Secondary metabolites play a significant role in the biological activities of medicinal plants such as hypoglycemic, antidiabetic, antimicrobial, anti-leprosy activities, anti-inflammatory, anti-malarial, anticarcinogenic, anti-cholinergic, and antioxidant.50 In the present study, the crude extract of H. abyssinica contains phytoconstituents such as phenols, triterpenoid, flavonoids, saponins, and anthraquinones.
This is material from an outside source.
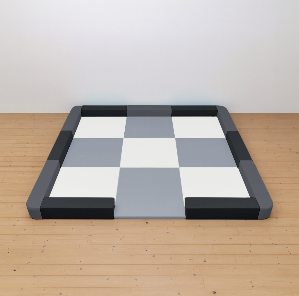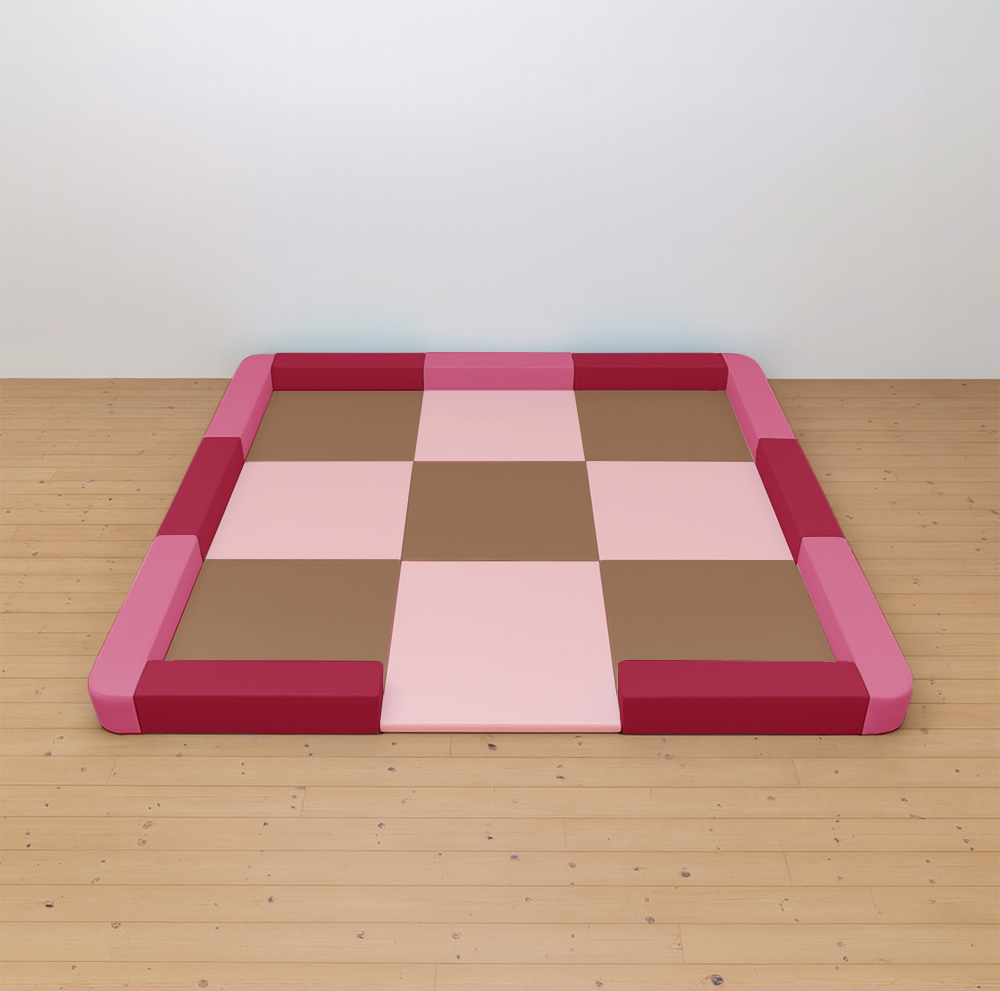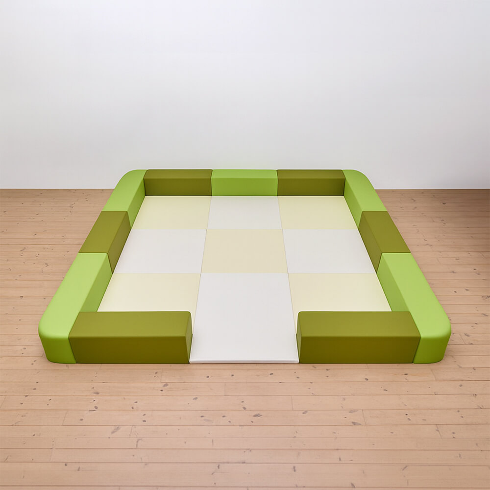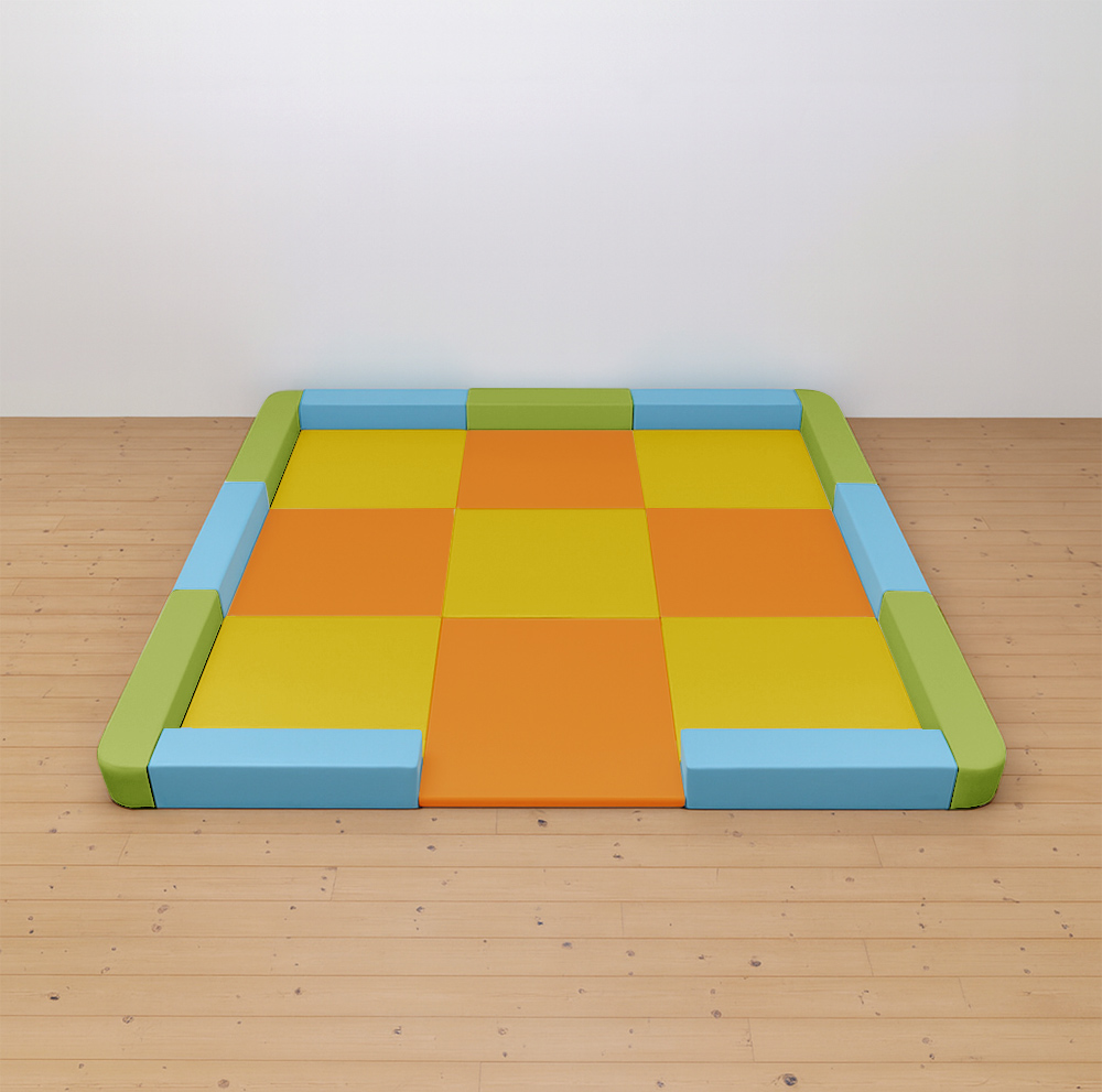サイドガードの高さが300mm(バンビ)のベーシックシリーズのキッズコーナー4.5畳角Rセットの入り口付きになります。同タイプでノーマル、入り口・下駄箱付きのタイプもございます。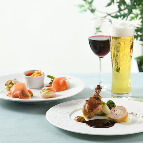全面ガラス張りの解放感溢れる店内、屋上庭園に隣接するテラス席も併設され、武道館やお堀、靖国神社の鳥居などを眺め、四季折々の景色の移ろいに癒されます。

Flavonoids and tannin were some of the renowned compounds that were isolated from the extract are capable of reducing the elevated blood glucose level.51–53 Saponin is indicated to use as antioxidant, antihyperglycemic, antihyperlipidemic and renoprotective, while tannin possesses antioxidant and renoprotective activity.54,55 Polyphenolic compounds that are isolated from the extract are capable of reducing the TG, TC, and LDL levels through inhibition of the formation of AGEs in diabetic mice.47 Therefore, the significant anti-diabetic and anti-hyperlipidemic activity of the extract of H. abyssinica could be because of the presence of the above-mentioned phytoconstituents in the crude extract of H. abyssinica.

Conclusion

In this study, the crude extract of H. abyssinica showed a reduction in fasting blood glucose levels in streptozotocin-induced diabetic mice. This provides evidence that the extract of H. abyssinica improves the metabolic abnormalities related to DM and can retard the risk of complications due to chronic hyperglycemia. Therefore, the beneficial effects of H. abyssinica in diabetes seem to be attributed to the synergistic effects of its bioactive compounds such as phenols, triterpenoid, flavonoids, saponins, and anthraquinones. Additional investigations are required to identify the lead compounds and quantitative characterization of secondary metabolites existing in H. abyssinica with its molecular mechanism of action on histological analysis, PPAR, insulin sensitization, and other insulin targets based on the pathophysiology of DM.